Italian American internment
- Date: 1941–1943
- Location: Florence, Arizona, United States;

= Internment of Italian Americans =

Internment during World War II

The internment of Italian Americans refers to the US government's internment of Italian nationals during World War II. As was customary after Italy and the US were at war, they were classified as "enemy aliens" and some were detained by the Department of Justice under the Alien and Sedition Act. In practice, however, the US applied detention only to Italian nationals, not to US citizens or long-term US residents. Italian immigrants had been allowed to gain citizenship through the naturalization process during the years before the war, and by 1940 there were millions of US citizens who had been born in Italy.

In 1942 there were 695,000 Italian immigrants in the United States. Some 1,881 were taken into custody and detained under wartime restrictions; these were applied most often by the United States Department of Justice to diplomats, businessmen, and Italian nationals who were students in the US, especially to exclude them from sensitive coastal areas. In addition, merchant seamen trapped in US ports by the outbreak of war were detained.

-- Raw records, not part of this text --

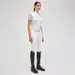 This special garment is dedicated to horsewomen who want to express their femininity even while competing. The slim fit elongates the figure and accents the waistline, while the supple, breathable elasticated jersey stretches in all four directions and is also crease-resistant. The high collar, sleeves and placket are in a contrast colour, and the ruffle detail on the front adds a precious note, characterizing the entire garment. ‘Cavalleria Toscana’ is embroidered on the back of the collar.
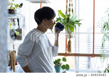 一位輕鬆的年輕女子在冬季客廳喝著熱飲的特寫
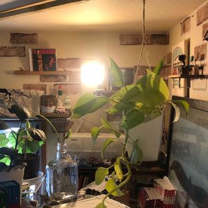 梁を増設。 ポトス吊るしてみた。 よーく見ると・・ 偶然。 瓶からゴムの木が生えてるように見える😝
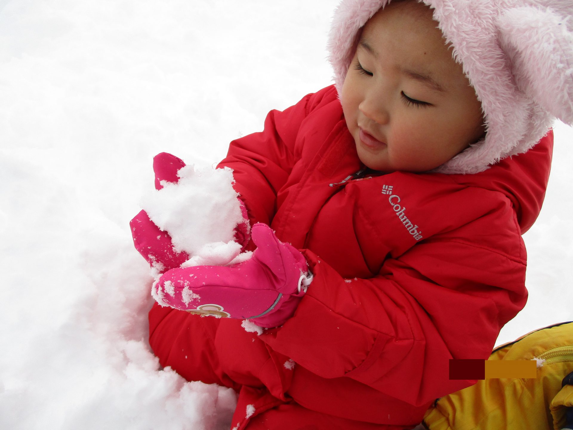 保育士の真似をしながら、雪を投げたり、握ったり。

Italian labor leaders lobbied for recognition as loyal (and not enemy aliens) those Italian Americans who had initiated naturalization before the war broke out; they objected to blanket classification of Italian nationals as subversives.

In 2001 the US Attorney General reported to Congress on a review of treatment by the Department of Justice of Italian Americans during World War II. In 2010, the California Legislature passed a resolution apologizing for US mistreatment of Italian residents during the war.

==Terms==
The term "Italian American" does not have a legal definition. It is generally understood to mean ethnic Italians of American nationality, whether Italian-born immigrants to the United States (naturalized or unnaturalized) or American-born people of Italian descent (natural-born U.S. citizens).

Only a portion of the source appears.